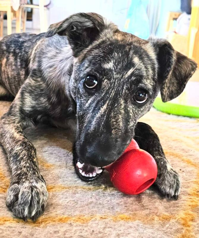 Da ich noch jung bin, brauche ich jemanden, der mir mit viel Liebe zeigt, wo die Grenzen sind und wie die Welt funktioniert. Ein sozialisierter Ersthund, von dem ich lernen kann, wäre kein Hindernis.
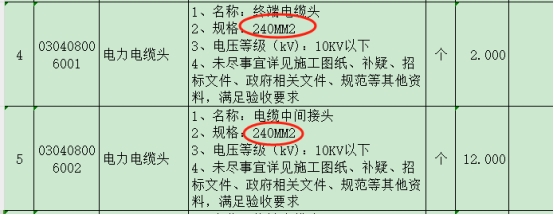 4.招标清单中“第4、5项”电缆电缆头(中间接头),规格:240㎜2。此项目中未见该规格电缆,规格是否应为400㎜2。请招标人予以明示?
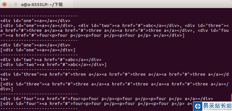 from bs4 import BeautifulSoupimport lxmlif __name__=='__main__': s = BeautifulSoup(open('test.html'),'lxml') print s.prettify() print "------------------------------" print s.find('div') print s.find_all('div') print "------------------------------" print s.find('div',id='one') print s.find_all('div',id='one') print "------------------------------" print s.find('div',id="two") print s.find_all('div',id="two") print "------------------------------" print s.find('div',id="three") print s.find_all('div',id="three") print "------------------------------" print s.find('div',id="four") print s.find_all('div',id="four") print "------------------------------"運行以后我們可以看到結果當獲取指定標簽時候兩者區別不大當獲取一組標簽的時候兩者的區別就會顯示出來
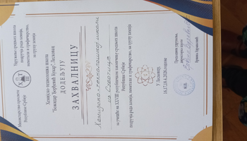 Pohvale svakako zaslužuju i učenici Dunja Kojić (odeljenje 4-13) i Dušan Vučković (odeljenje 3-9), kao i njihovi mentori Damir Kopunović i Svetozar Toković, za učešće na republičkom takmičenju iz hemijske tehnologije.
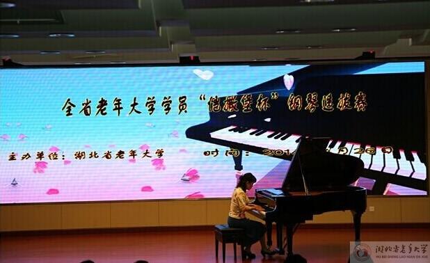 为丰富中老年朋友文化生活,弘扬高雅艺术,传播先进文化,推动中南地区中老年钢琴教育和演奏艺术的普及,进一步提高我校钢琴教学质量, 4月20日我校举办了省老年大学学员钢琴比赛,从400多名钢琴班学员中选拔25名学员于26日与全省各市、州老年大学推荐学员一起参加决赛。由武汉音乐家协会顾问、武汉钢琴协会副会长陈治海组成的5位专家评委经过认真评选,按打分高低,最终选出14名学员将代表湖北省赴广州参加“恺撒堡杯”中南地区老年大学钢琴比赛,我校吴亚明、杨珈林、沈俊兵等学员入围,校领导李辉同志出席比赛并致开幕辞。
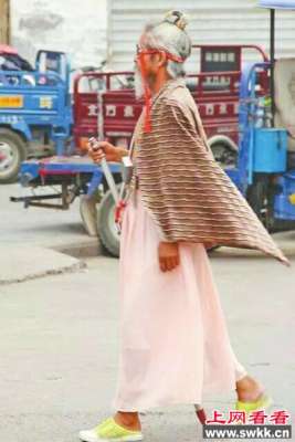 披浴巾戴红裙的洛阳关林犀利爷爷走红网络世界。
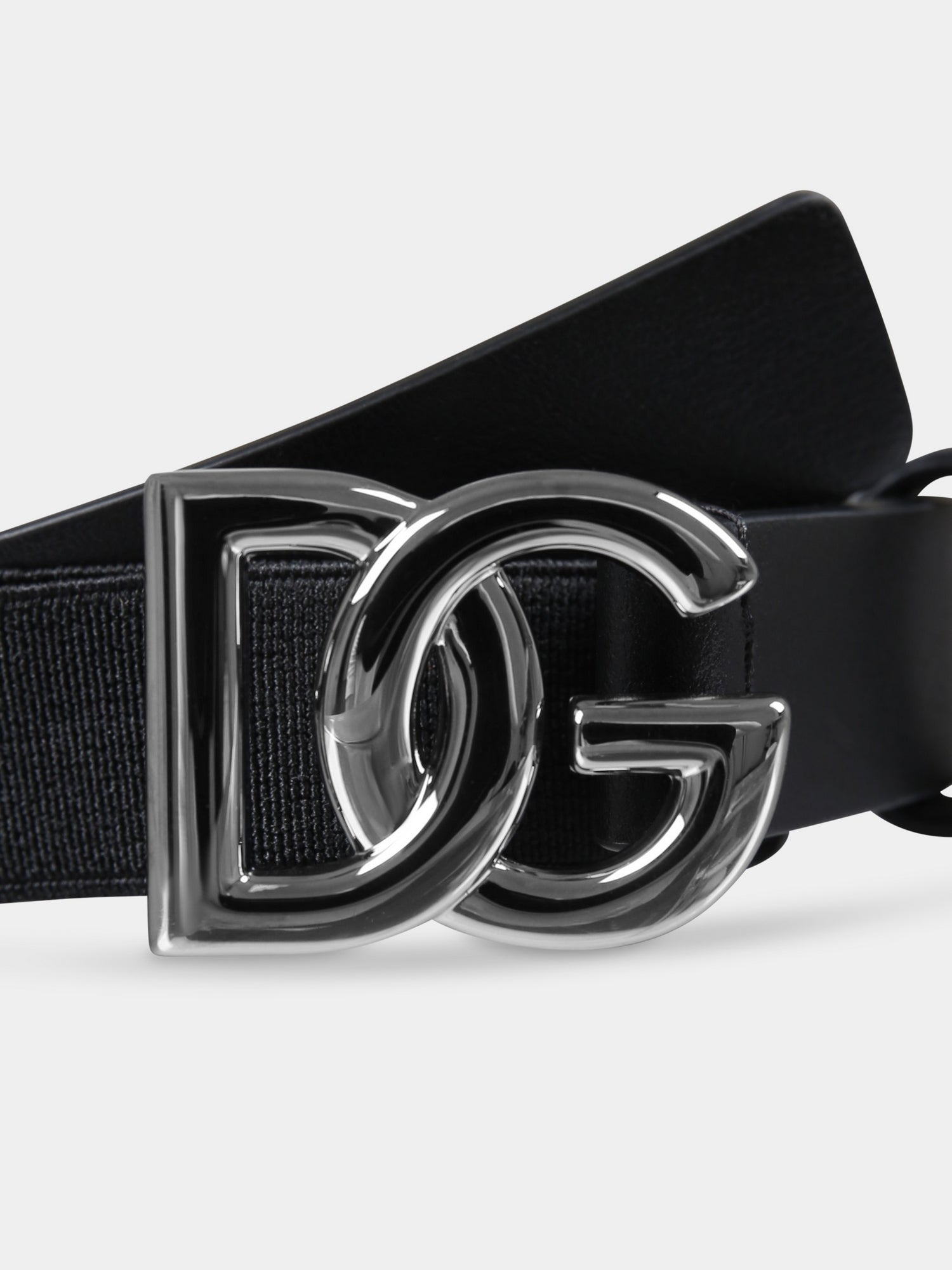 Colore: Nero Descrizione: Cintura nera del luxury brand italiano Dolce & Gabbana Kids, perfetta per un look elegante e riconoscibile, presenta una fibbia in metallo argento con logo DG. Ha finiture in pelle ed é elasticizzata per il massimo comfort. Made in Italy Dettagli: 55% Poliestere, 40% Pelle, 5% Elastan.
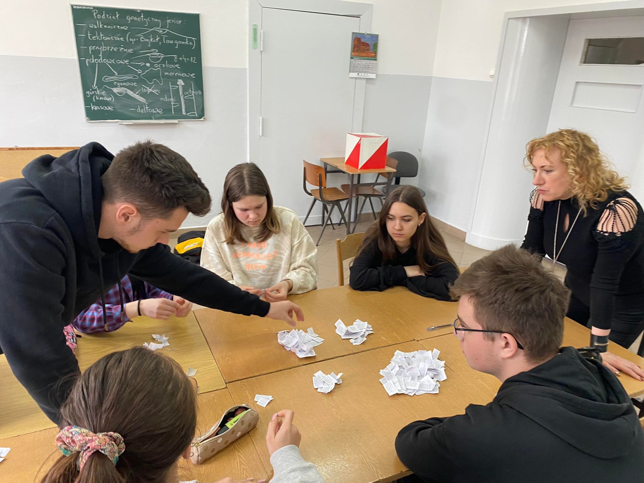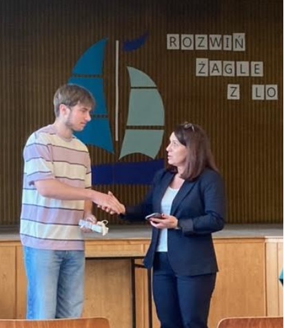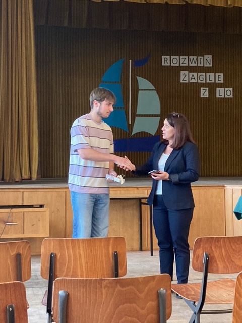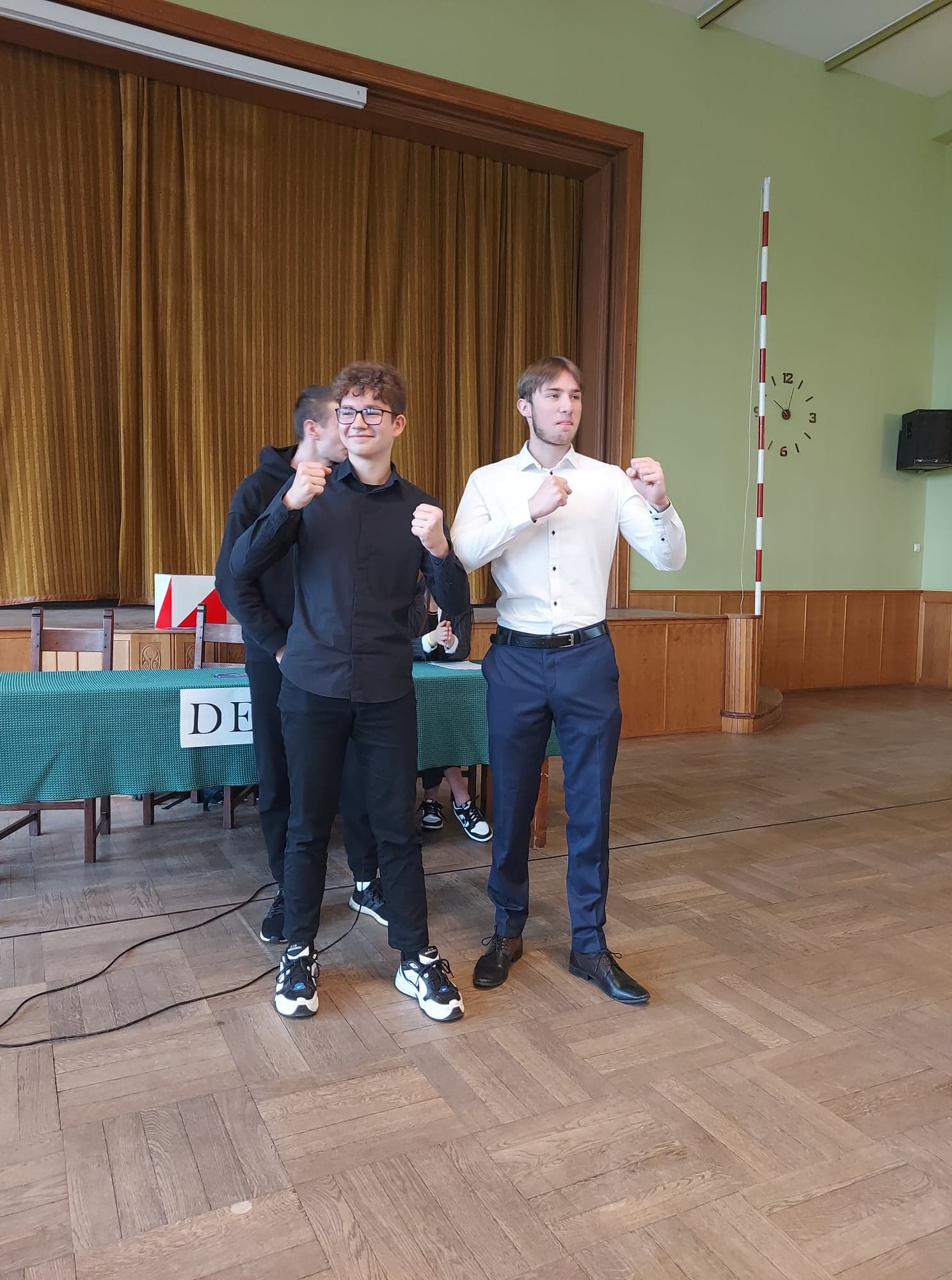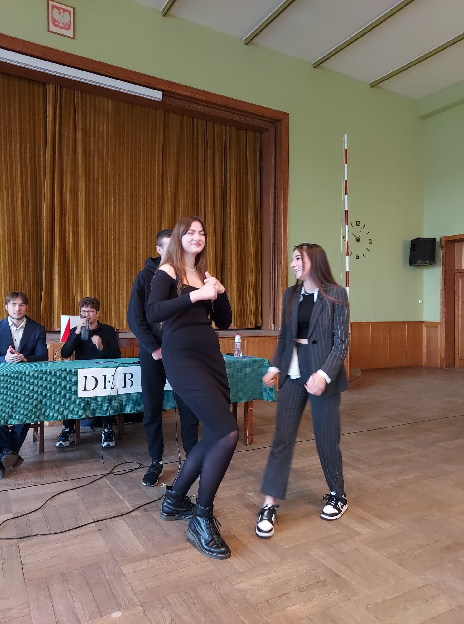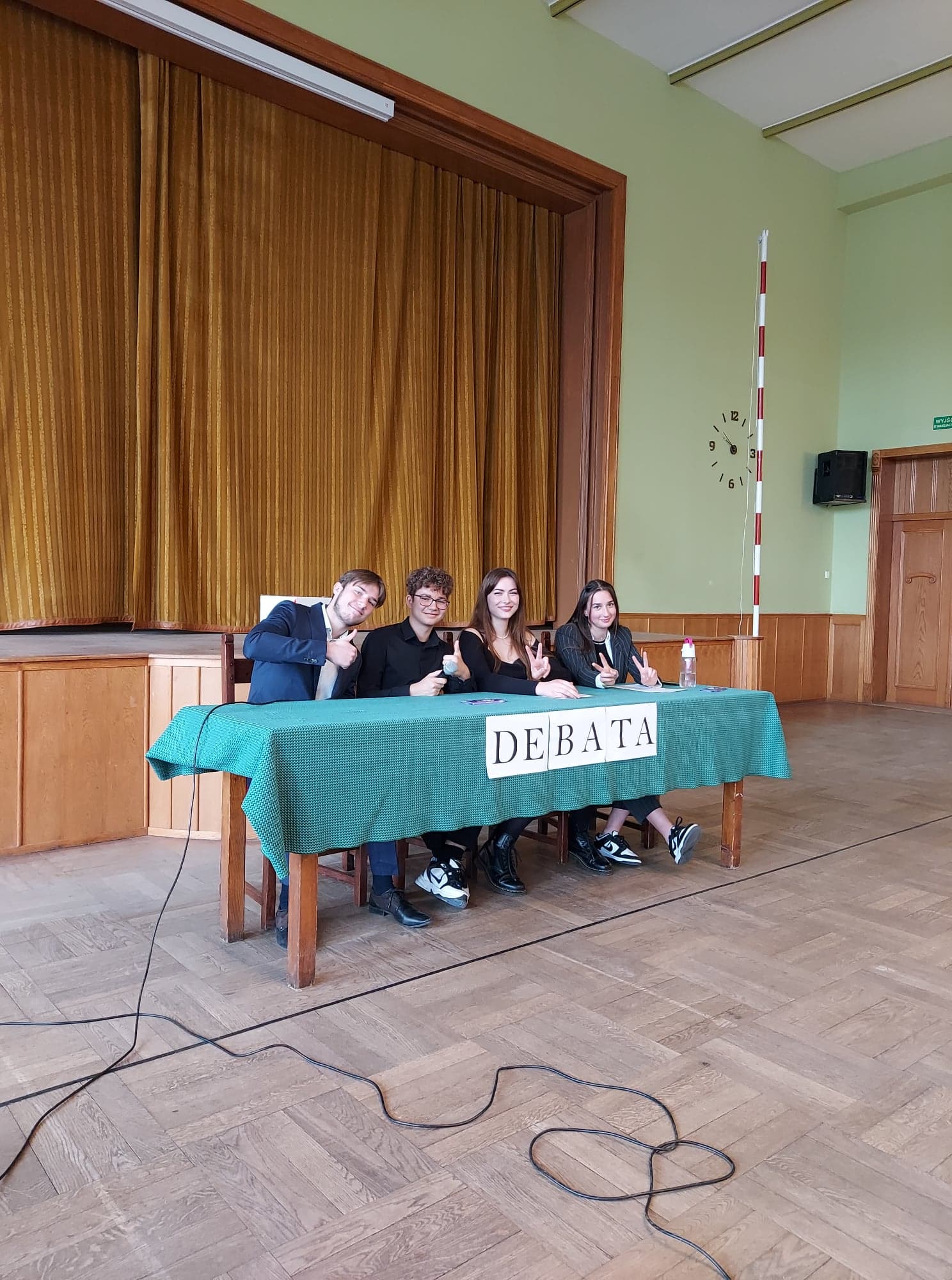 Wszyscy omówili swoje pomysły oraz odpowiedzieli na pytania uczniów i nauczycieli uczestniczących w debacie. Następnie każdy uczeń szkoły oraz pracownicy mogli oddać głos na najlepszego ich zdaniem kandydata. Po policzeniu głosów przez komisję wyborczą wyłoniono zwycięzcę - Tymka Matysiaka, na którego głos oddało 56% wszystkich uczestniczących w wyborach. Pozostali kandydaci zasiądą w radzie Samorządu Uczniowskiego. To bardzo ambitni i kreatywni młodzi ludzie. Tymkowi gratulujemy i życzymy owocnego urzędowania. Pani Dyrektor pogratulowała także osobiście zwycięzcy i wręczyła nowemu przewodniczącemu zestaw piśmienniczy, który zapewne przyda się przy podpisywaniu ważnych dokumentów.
------------------------------------------------------------------------
▸ EXERCISE OBJECTIVE
Reproduce the data above verbatim, minus any images.

▸ EXERCISE RESULT
 Da ich noch jung bin, brauche ich jemanden, der mir mit viel Liebe zeigt, wo die Grenzen sind und wie die Welt funktioniert. Ein sozialisierter Ersthund, von dem ich lernen kann, wäre kein Hindernis.
 4.招标清单中“第4、5项”电缆电缆头(中间接头),规格:240㎜2。此项目中未见该规格电缆,规格是否应为400㎜2。请招标人予以明示?
 from bs4 import BeautifulSoupimport lxmlif __name__=='__main__': s = BeautifulSoup(open('test.html'),'lxml') print s.prettify() print "------------------------------" print s.find('div') print s.find_all('div') print "------------------------------" print s.find('div',id='one') print s.find_all('div',id='one') print "------------------------------" print s.find('div',id="two") print s.find_all('div',id="two") print "------------------------------" print s.find('div',id="three") print s.find_all('div',id="three") print "------------------------------" print s.find('div',id="four") print s.find_all('div',id="four") print "------------------------------"運行以后我們可以看到結果當獲取指定標簽時候兩者區別不大當獲取一組標簽的時候兩者的區別就會顯示出來
 Pohvale svakako zaslužuju i učenici Dunja Kojić (odeljenje 4-13) i Dušan Vučković (odeljenje 3-9), kao i njihovi mentori Damir Kopunović i Svetozar Toković, za učešće na republičkom takmičenju iz hemijske tehnologije.
 为丰富中老年朋友文化生活,弘扬高雅艺术,传播先进文化,推动中南地区中老年钢琴教育和演奏艺术的普及,进一步提高我校钢琴教学质量, 4月20日我校举办了省老年大学学员钢琴比赛,从400多名钢琴班学员中选拔25名学员于26日与全省各市、州老年大学推荐学员一起参加决赛。由武汉音乐家协会顾问、武汉钢琴协会副会长陈治海组成的5位专家评委经过认真评选,按打分高低,最终选出14名学员将代表湖北省赴广州参加“恺撒堡杯”中南地区老年大学钢琴比赛,我校吴亚明、杨珈林、沈俊兵等学员入围,校领导李辉同志出席比赛并致开幕辞。
 披浴巾戴红裙的洛阳关林犀利爷爷走红网络世界。
 Colore: Nero Descrizione: Cintura nera del luxury brand italiano Dolce & Gabbana Kids, perfetta per un look elegante e riconoscibile, presenta una fibbia in metallo argento con logo DG. Ha finiture in pelle ed é elasticizzata per il massimo comfort. Made in Italy Dettagli: 55% Poliestere, 40% Pelle, 5% Elastan.
 Wszyscy omówili swoje pomysły oraz odpowiedzieli na pytania uczniów i nauczycieli uczestniczących w debacie. Następnie każdy uczeń szkoły oraz pracownicy mogli oddać głos na najlepszego ich zdaniem kandydata. Po policzeniu głosów przez komisję wyborczą wyłoniono zwycięzcę - Tymka Matysiaka, na którego głos oddało 56% wszystkich uczestniczących w wyborach. Pozostali kandydaci zasiądą w radzie Samorządu Uczniowskiego. To bardzo ambitni i kreatywni młodzi ludzie. Tymkowi gratulujemy i życzymy owocnego urzędowania. Pani Dyrektor pogratulowała także osobiście zwycięzcy i wręczyła nowemu przewodniczącemu zestaw piśmienniczy, który zapewne przyda się przy podpisywaniu ważnych dokumentów.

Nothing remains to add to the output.